Proof of concept: dvmdostem input data compression

Working to see if we can leverage inherent NetCDF compression to handle the problem of supporting runs of spatially discontiguous gridcells while maintaing a CF-standards compliant netcdf file.

A single climate driver variable for dvmdostem, over the whole AIEM domain for 200 years at 1km spatial resolution and 1 monthly time resolution take ~40GB per variable:


1850*2560 = 4,736,000 pixels in AIEM domain, including oceans, etc.

4 bytes
----------- * 12 months * 200 years * (1850*2560) = 45,465,600,000 bytes
32bit float

45,465,600,000 / 1024 / 1024 / 1024 = 42.34 GB

With the original input scheme, we can reduce this by roughly half by storing the information by ID and lookup and discarding all the cells that are over oceans, mountains etc. This reduces the valid pixel count in the AIEM domain to ~2,169,672 pixels, and the final size to ~19.4GB for each driving variable. Thus as of 12/4/2014, when looking at the input data on atlas:/big_scratch/tem/CLIMATE we see sizes of ~45GB for the files that contain 4 driving variables and 100 years:


tcarman2@atlas $ ls -alh echam5*
36G Aug 11 10:23 echam5_a1b_climate_2010-2100.nc
45G Aug 21 10:41 echam5_a2_climate_2010-2100.nc
45G Aug 21 11:16 echam5_B1_climate_2010-2100.nc

In order to support runs of "spatially non-contiguous grid cells" while avoiding a custom indexed file format, we are investigating the possibility of leveraging the compression that is built into NetCDF. For this we'd like to see how compressesd a .nc file is when we mask out a whole bunch of data.

For a proof of concept we describe here the method we used to create a sample dataset with timeseries data for a non-rectangular selection of grid cells - for example "tempertature data for 100 years for all 1km cells in the AIEM domain that are vegetation type 4".

The process will be:

  1. Setup: Download data, load libraries, etc.

  2. Create a mask for a certain vegetation type from a .tif with landcover information.

  3. Test the mask by applying it to a set of temperature data and visually confirming that the data selection looks appropriate.

  4. Build a netcdf file by applying the mask to a set of .tifs with temperature data for a given number of years and appending the selected data to the .nc file.

  5. Attempt to compress the resutling netcdf file.

Setup

Load up some libraries that we'll need for reading tifs, writing netcdf files, and plotting.


In [69]:
%matplotlib inline
import rasterio
import netCDF4
import numpy as np
import matplotlib.pyplot as plt

We need some landcover data and temperature data to work with.

For land cover we used the LandCover_iem_TEM_2005.tif, downloaded from SNAP "iem_ancillary_data" files:

https://www.snap.uaf.edu/files/data/iem/ancillary/iem_ancillary_data.zip

For temperature, we used the files from the cccma_cgcm3 model, scenairo A1B that we downloaded from SNAP:

https://www.snap.uaf.edu/tools/data-downloads

Here is the direct link to the .zip file used here:

NOTE: The linked file is > 6GB in size!

"https://www.snap.uaf.edu/files/data/iem/a1b/tas_mean_C_iem_cccma_cgcm3_1_sresa1b_2001_2100.zip"

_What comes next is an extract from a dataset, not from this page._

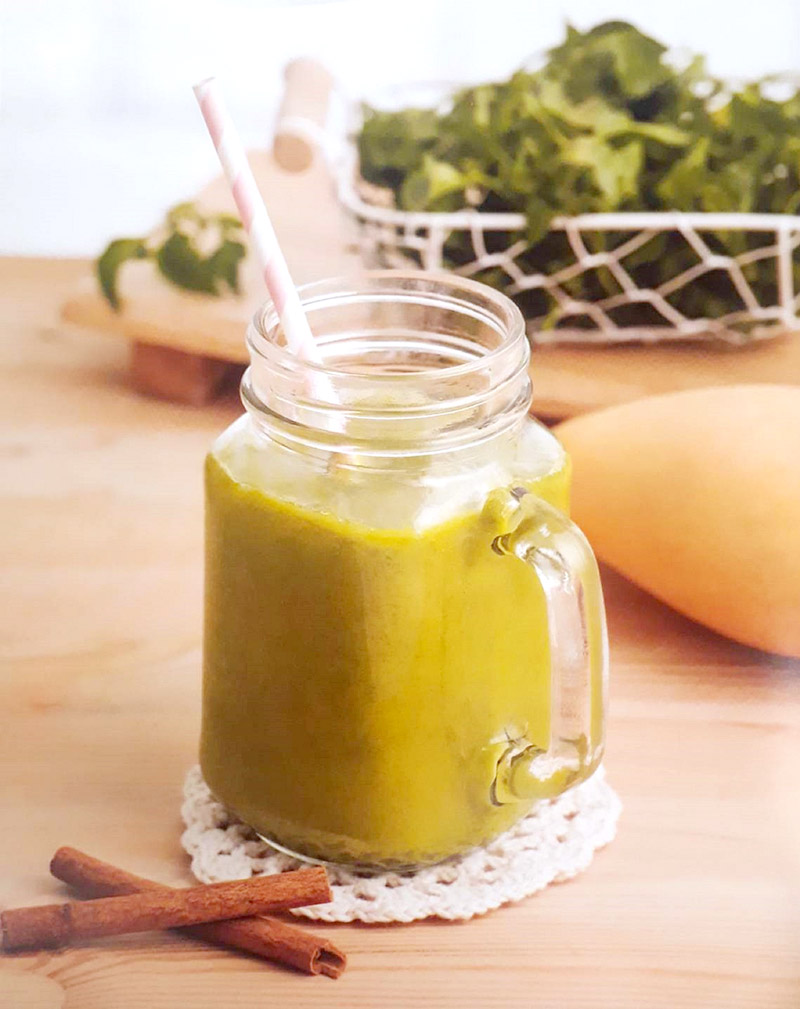 ส่วนผสม มะม่วงสุก ½ ลูก, กล้วยน้ำว้า(½ ลูกใหญ่) 1 ลูก, ผักสลัดหรือวอเตอร์เครส 1 ลูก, ขิงอ่อนหั่นชิ้นบาง 1-2, ชิ้นผงขมิ้น (เริ่มจากน้อยกันขม) 1/8-½ ช้อนชา, ผงอบเชย 1/8 ช้อนชา และน้ำเปล่า 100 มิลลิลิตร
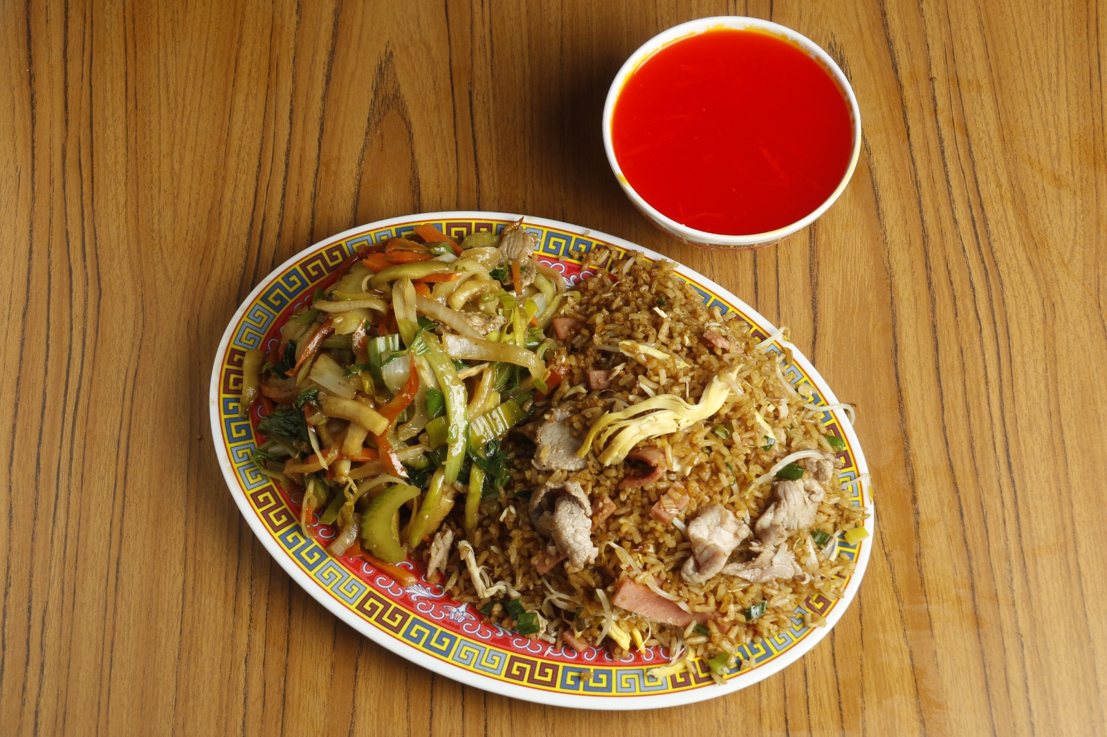 Arroz chino, verdura caliente, pollo y cerdo, camarón, 3 trocitos de cerdo agridulce.

Unzip the file and assume you have the following files in the same directory that you run this script, or execute these commands:

After extracting the .zip, you should have a folder with 1200 .tifs, one per month for 100 years:


7.5M  tas_mean_C_iem_cccma_cgcm3_1_sresa1b_01_2001.tif
6.4M  tas_mean_C_iem_cccma_cgcm3_1_sresa1b_01_2002.tif
...
6.7M  tas_mean_C_iem_cccma_cgcm3_1_sresa1b_12_2099.tif
7.0M  tas_mean_C_iem_cccma_cgcm3_1_sresa1b_12_2100.tif

Create mask

Read in one of the tempreature data files and a land cover file:

NOTE: Working from dvm-dos-tem/scripts directory.


In [70]:
landcover = rasterio.open("../../snap-data/iem_ancillary_data/Landcover/LandCover_iem_TEM_2005.tif")

Now get the actual data out of the raster files


In [71]:
lcdata = landcover.read_band(1)

Now mask off all but a certain vegetation type, filling everything else with np.nan. See what we got.


In [72]:
vt4 = np.where(lcdata==4, lcdata, np.nan)
plt.imshow(vt4)


Out[72]:
<matplotlib.image.AxesImage at 0x15cff3ad0>

Looks pretty good. Vegetation type "4" must be some kind of tundra?

Apply mask to temperature

Next, we read in a temperature file and see what it takes to "apply" the mask to the temperature file.

First we notice that for some reason numpy and or rasterio are not recognizing "NaN" values appropriately. So when we try to look at the temperature file to make sure we read it correctly, we can't see anything because the color scale is being stretched over too large of a range:


In [73]:
tfile = rasterio.open("../../snap-data/tas_mean_C_iem_cccma_cgcm3_1_sresa1b_2001_2100/tas_mean_C_iem_cccma_cgcm3_1_sresa1b_01_2001.tif")
tdata = tfile.read_band(1)

plt.imshow(tdata)
plt.colorbar(shrink=0.855)


Out[73]:
<matplotlib.colorbar.Colorbar instance at 0x1638b1ea8>

In [74]:
print "Min:", tdata.min(), "Max:", tdata.max()


Min: -3.4e+38 Max: 2.79982

To fix this, we can mask off the pixels with extremely low values. Seems like it should be same to assume that anything below -200 should be "NaN".


In [75]:
oktemp = np.where(tdata > -200, tdata, np.nan)

plt.imshow(oktemp)
plt.colorbar(shrink=0.855)


Out[75]:
<matplotlib.colorbar.Colorbar instance at 0x1682ee8c0>

That looks pretty reasonable.

Now we want to try to apply the mask to the temperature data, effectively finding all the tempertature data for pixels/cells that have a vegetation type number equal to 4.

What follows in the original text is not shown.